Let’s hear from Job.
For I know that my redeemer liveth, and that he shall stand at the latter day upon the earth: And though after my skin worms destroy this body, yet in my flesh shall I see God: Whom I shall see for myself, and mine eyes shall behold, and not another;
Job 19:25-27
I can not read those words without hearing the setting in Handel’s Messiah.
The phrase
Yet in my flesh shall I see God
is likely going on my tombstone. It is an expression of the hope of resurrection and eternal life.

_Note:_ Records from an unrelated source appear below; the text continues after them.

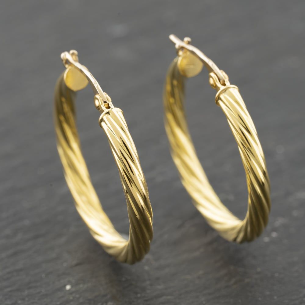 <a href="https://www.thbaker.co.uk/stores/"><b>Click here to find your <font color="6d1a42">nearest store</font></b></a>Second Handhttps://www.thbaker.co.uk/media/catalog/product/4/1/41-17-3982_model_1.jpgadd-to-cartcondition:Yesdisc_no_stock:NoYesNo41173982Second Hand41173982LadiesT H Baker Packaging12 Month WarrantyNoEarrings2.2gHoops9ct Yellow GoldGoldNo StoneNo Stone{"name":"Klarna","text":"3 payments of \u00a375","imageUrl":"https:\/\/www.thbaker.co.uk\/media\/nosto\/klarna.png"}Second Hand 9ct Yellow Gold 27mm Twist Hoop Earrings41-17-39822025-12-19 00:00:00[{"path":"\/Jewellery","url":"\/jewellery\/"},{"path":"\/Seasonal\/Christmas Collection","url":"\/christmas-collection\/"},{"path":"\/Seasonal\/Christmas Collection\/Gifts For Her","url":"\/christmas-gifts-for-her\/"},{"path":"\/Jewellery\/Earrings","url":"\/earrings\/"},{"path":"\/Jewellery\/Earrings\/Gold Earrings","url":"\/gold-earrings\/"},{"path":"\/Second Hand Collection","url":"\/second-hand\/"},{"path":"\/Second Hand Collection\/Second Hand Jewellery","url":"\/second-hand-jewellery\/"},{"path":"\/Second Hand Collection\/Second Hand Earrings","url":"\/second-hand-earrings\/"},{"path":"\/Jewellery\/Gold Jewellery","url":"\/gold-jewellery\/"},{"path":"\/Second Hand Collection\/Second Hand Jewellery\/Second Hand Yellow Gold","url":"\/second-hand-yellow-gold-jewellery\/"},{"path":"\/Second Hand Collection\/Second Hand Ladies","url":"\/second-hand-ladies-collection\/"},{"path":"\/Jewellery\/Earrings\/Gold Earrings\/Gold Hoop Earrings","url":"\/gold-hoop-earrings\/"},{"path":"\/Jewellery\/Earrings\/Hoop Earrings","url":"\/hoop-earrings\/"},{"path":"\/Jewellery\/Ladies Jewellery","url":"\/ladies-jewellery\/"},{"path":"\/Second Hand Collection\/Second Hand Earrings\/Second Hand Hoop Earrings","url":"\/second-hand-hoop-earrings\/"},{"path":"\/Jewellery\/Gold Jewellery\/Yellow Gold Earrings","url":"\/yellow-gold-earrings\/"},{"path":"\/Jewellery\/Gold Jewellery\/Yellow Gold Earrings\/Yellow Gold Hoop Earrings","url":"\/yellow-gold-hoop-earrings\/"},{"path":"\/Second Hand Collection\/Second Hand Gold","url":"\/second-hand-gold\/"},{"path":"\/Second Hand Collection\/Second Hand Jewellery\/Second Hand 9ct","url":"\/second-hand-9ct-jewellery\/"},{"path":"\/Second Hand Collection\/Second Hand Latest Additions","url":"\/second-hand-latest-additions\/"},{"path":"\/Second Hand Collection\/Second Hand Earrings\/Second Hand Yellow Gold Earrings","url":"\/second-hand-yellow-gold-earrings\/"},{"path":"\/Second Hand Collection\/Second Hand Earrings\/Second Hand Ladies Earrings","url":"\/second-hand-ladies-earrings\/"},{"path":"\/Seasonal\/Christmas Collection\/Pre Loved Christmas Gifts","url":"\/pre-loved-christmas-gifts\/"}]2026-03-19
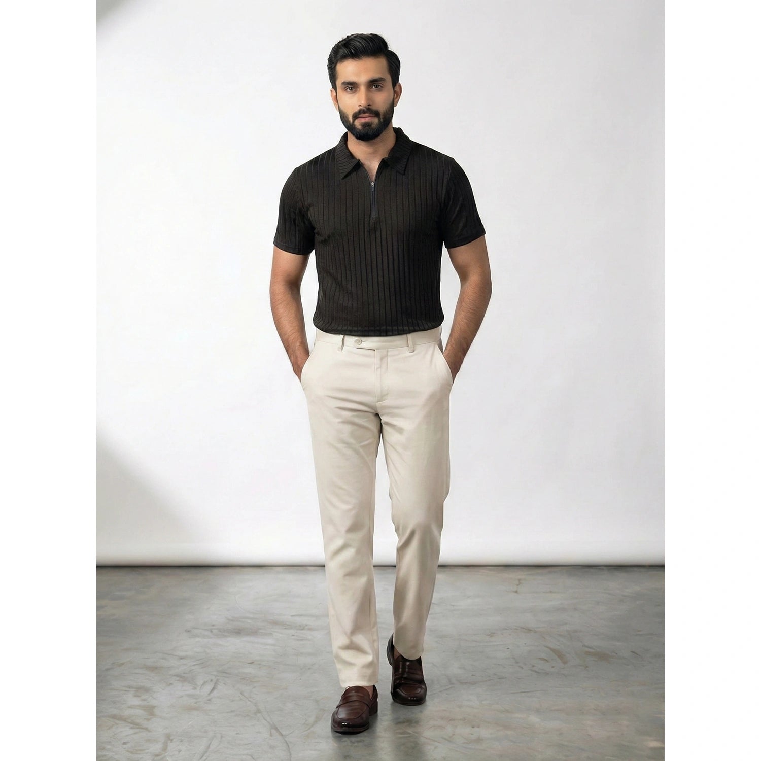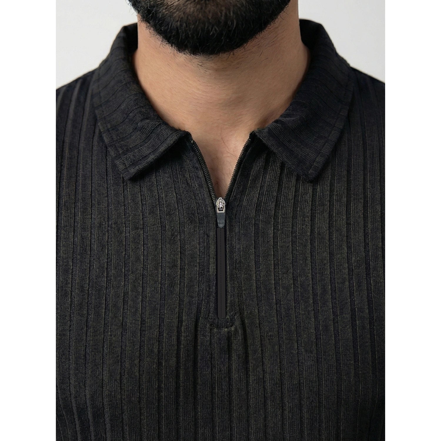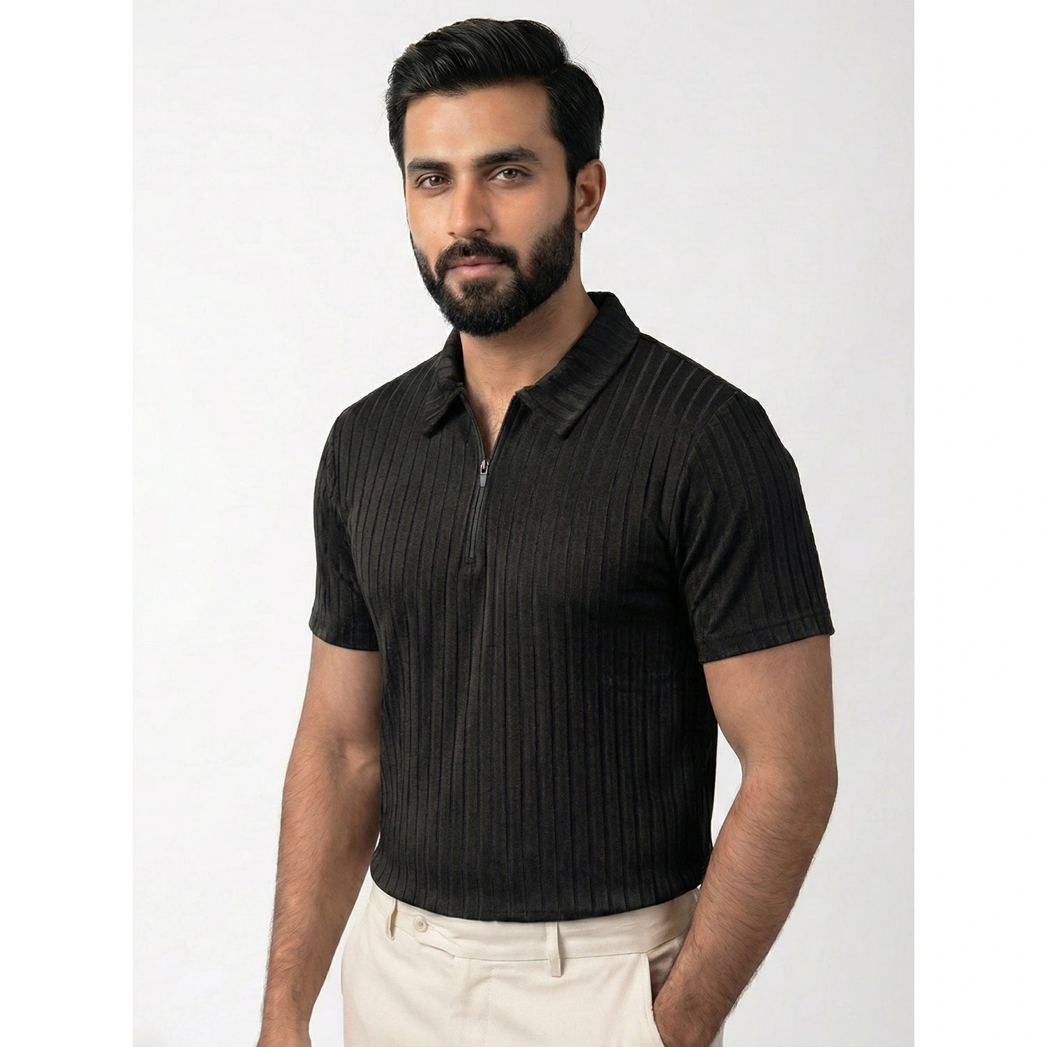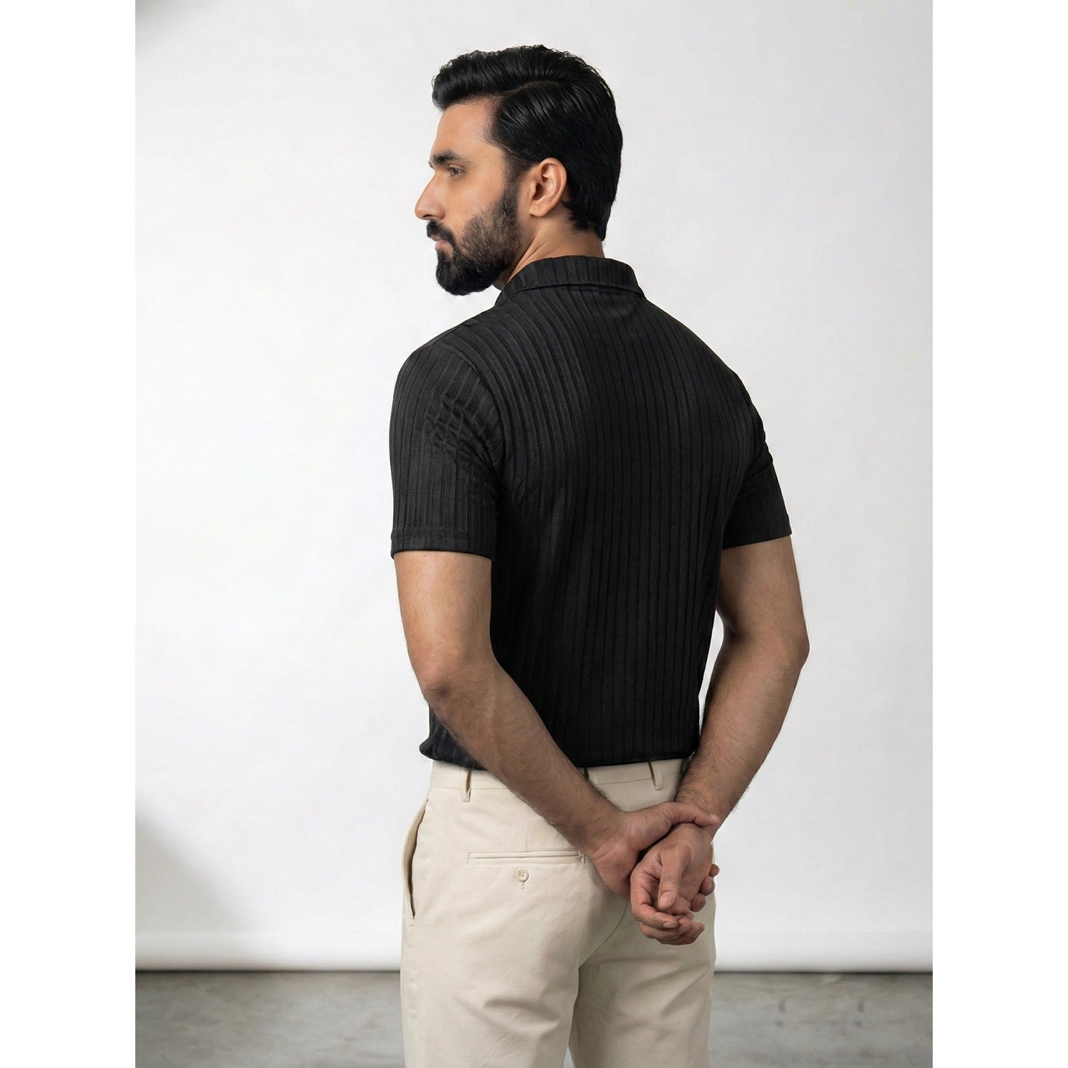 xElevate your casual wardrobe with this Black Drop Needle Zipper Polo. Crafted from a premium polyester viscose blend, it delivers exceptional comfort with a luxurious feel. The stretchable fabric moves with you, ensuring unrestricted mobility throughout your day. The sleek drop needle detailing and convenient zipper closure add modern sophistication to any outfit. Perfect for layering or wearing solo, this versatile piece transitions seamlessly from office to weekend. Model is wearing L
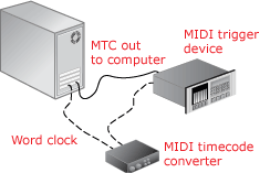 Configure your trigger device to send MIDI timecode (MTC) to your computer.
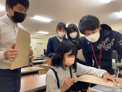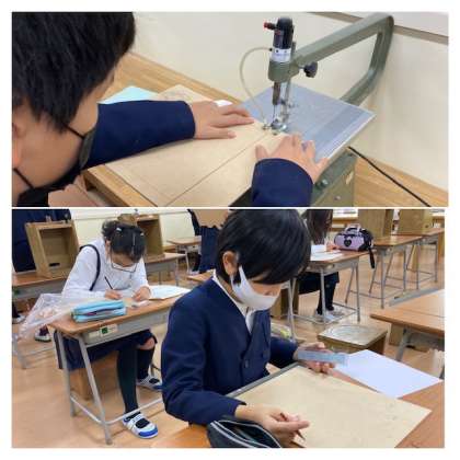 電動のこぎりを操っているのは5年生です。
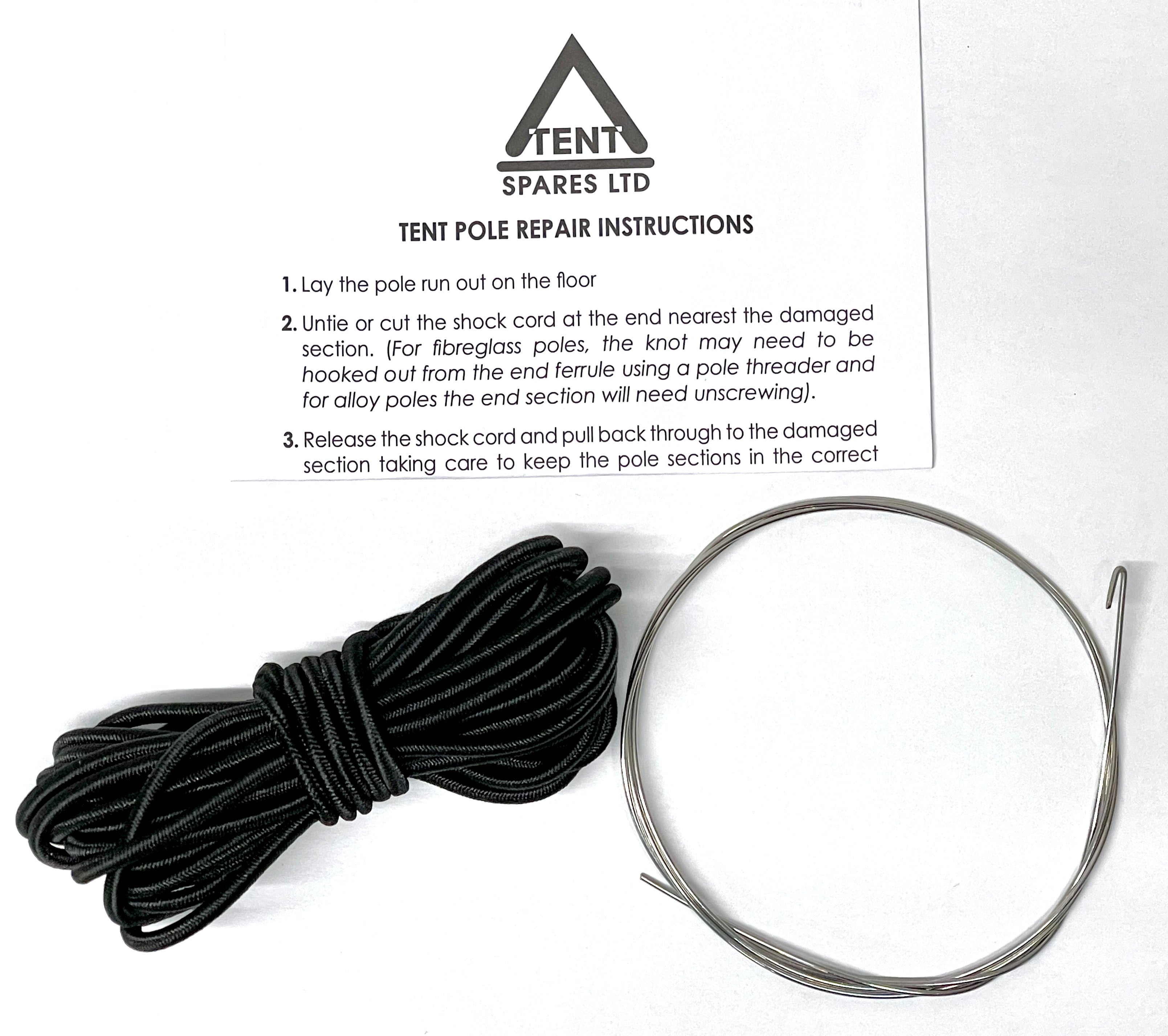 This kit includes a replacement tent pole elastic and a threading tool which are designed to help you re-string your damaged tent poles back together. The pole elastic is 4m long (approx.) and will stretch to roughly 7m.
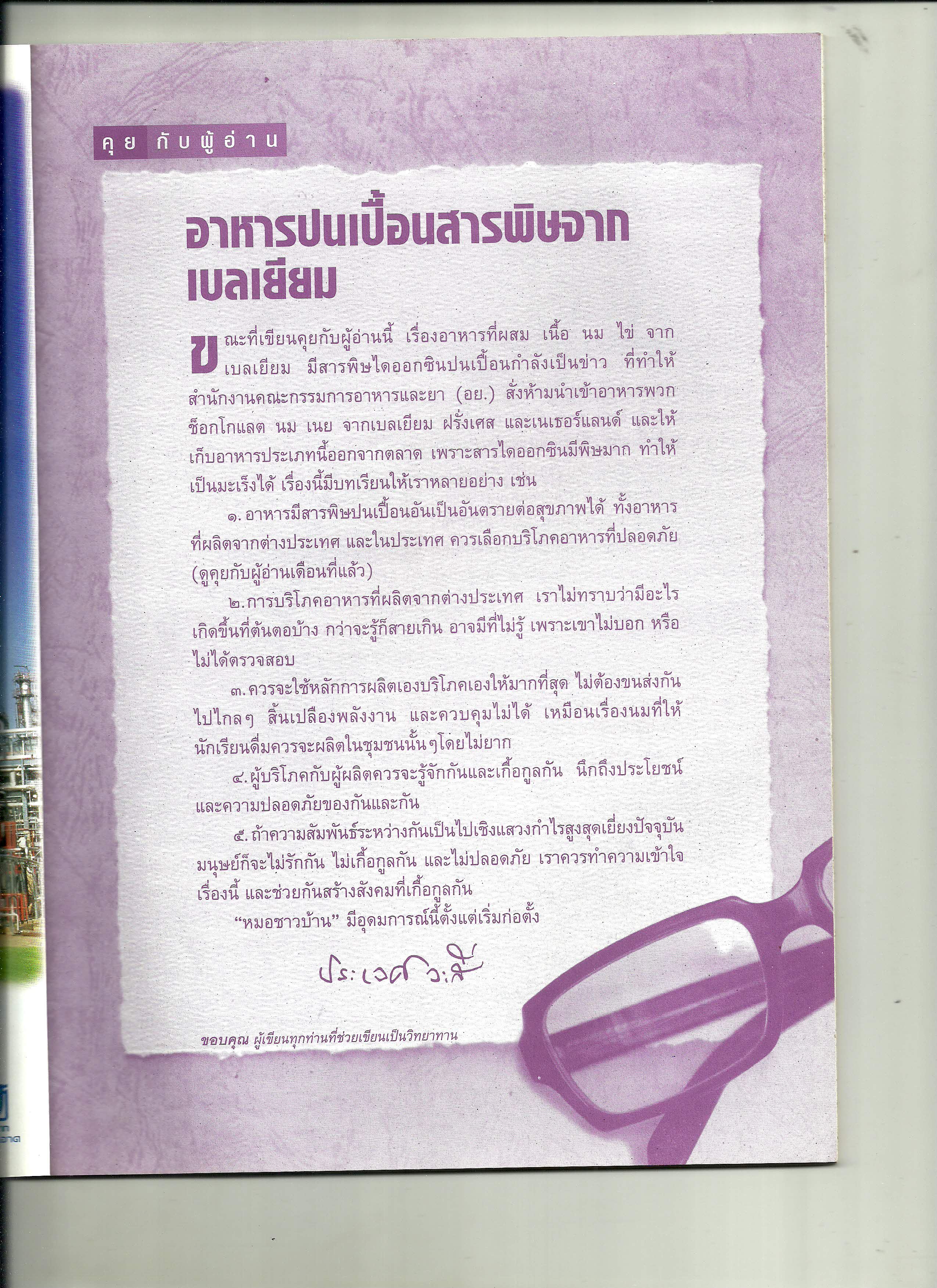 คุยกับผู้อ่าน : อาหารปนเปื้อนสารพิษจากเบลเยียม (นิตยสารหมอชาวบ้าน ฉบับที่ 243 เดือนกรกฎาคม พ.ศ. 2542)
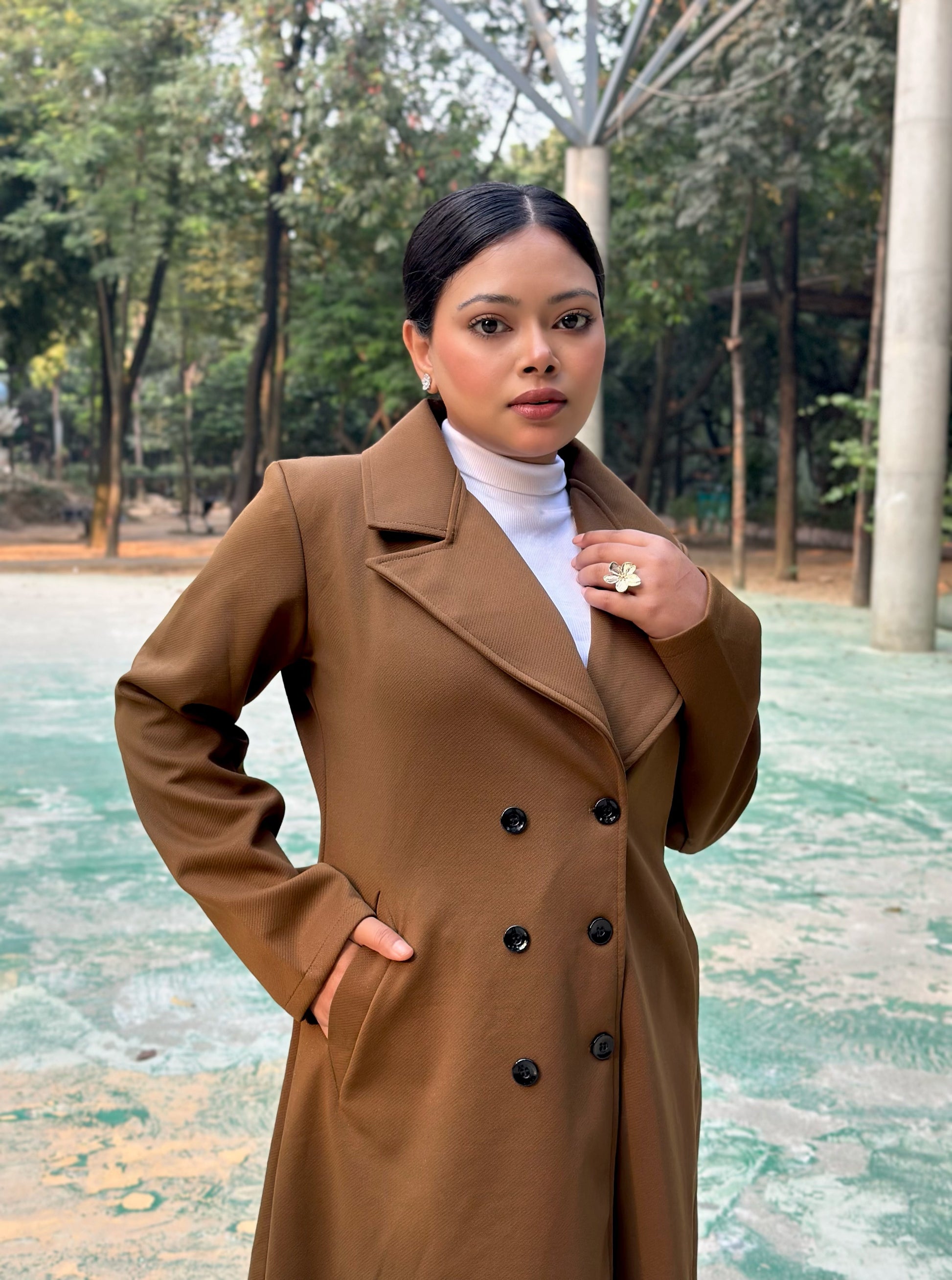 The Classy Long Overcoat – Elegant Winter & Formal Wear | Jacket || Caramel Brown

Seeing those words on a tombstone would probably make Job happy (Job happy?), because, immediately before that he said:
Oh that my words were now written! oh that they were printed in a book! That they were graven with an iron pen and lead in the rock for ever!
Job 19:23-24
But in context, he’s referring to his long-running instance that he is innocent, that his actions and thoughts are right, and that no-one (God included) can question that. Sound like any people or current cultural movements you know?
The book ends with God asking Job a series of unanswerable questions. Job finally admits he may not have the whole picture and that maybe it’s time to be humble and admit his limitations, frailty, mortality and, yes, the possibility of his own moral failings when faced with an Eternal, Omnipotent, Infinite, Just and Merciful Creator.
May I do the same.
Oh, and to those who may decide to pull the plug on me or not, yeah, the answers are often not clear. Sometimes suffering has a purpose. Do what you think is best at the time and leave the rest to God. It’s all any of us can do.